A lot of this article is outdated, but it is infamous. Singapore is still an
autocratic regime, but steadily becoming more progressive. For instance, local
bloggers used to be tailed/monitored and harassed, while today they are
invited to official government events and given blogger passes (like a press
pass) to cover events on behalf of the citizenry.

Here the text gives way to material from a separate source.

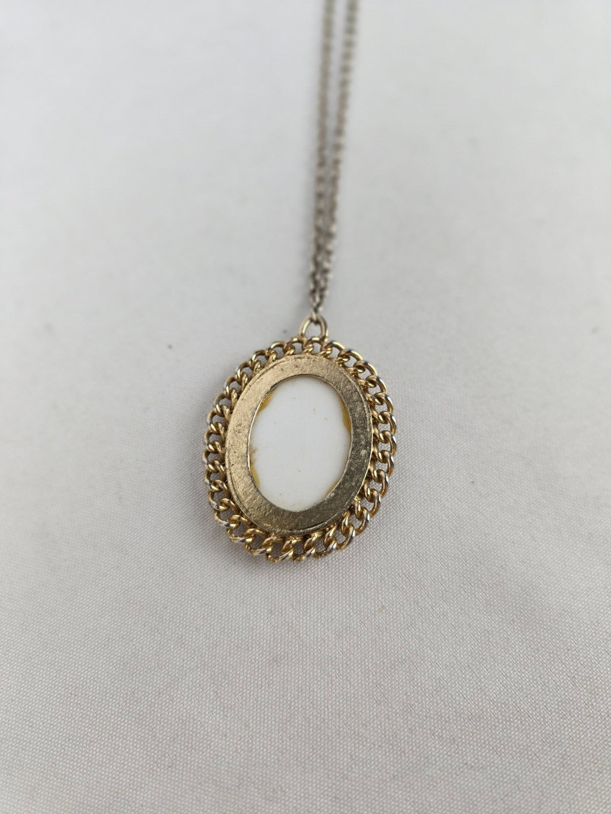 Vintage Porcelain Romantic Couple Cameo Gold Tone Pendant Necklace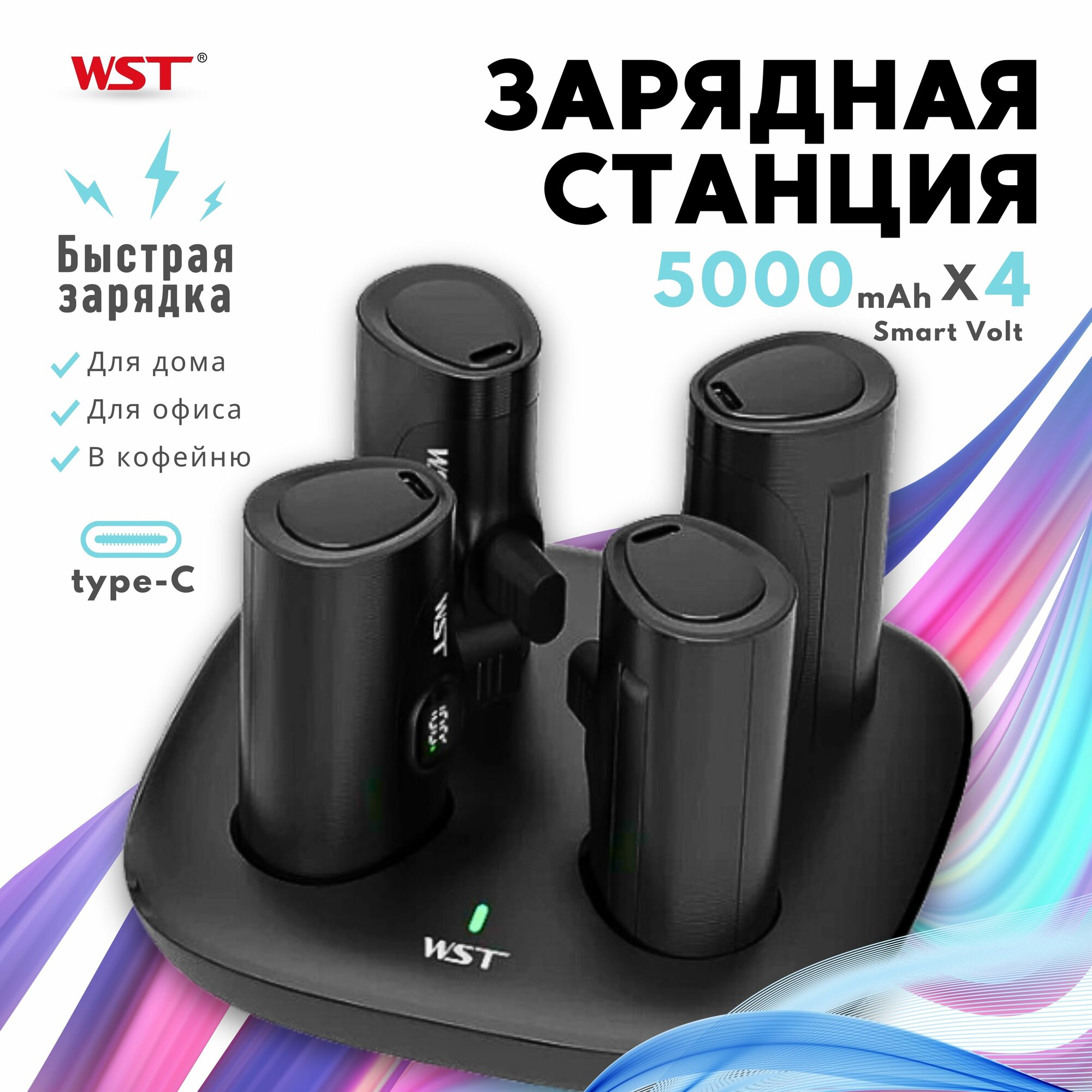 Купить Зарядная станция WST Smart Volt 4×5000 mAh с коннектором Type-C и lightning комплект из 4 PowerBank с доставкой по всей России.

The city/country is very surreal, especially once you begin to dig under the
surface.

I have a blog post about it that has been sitting in my drafts for over a year
now with a bunch of observations (I met a lot of entrepreneurs, businesses,
the government people etc.). I have a lot of interesting stories about
Singapore. Reading about Singapore again today has prompted me to dig it up -
I will publish it this weekend.

I love that place so much that I would seriously consider opening an office
there, or at least hiring some people there, for my next startup. It is
definitely the most 'Silicon Valley' like city in this hemisphere.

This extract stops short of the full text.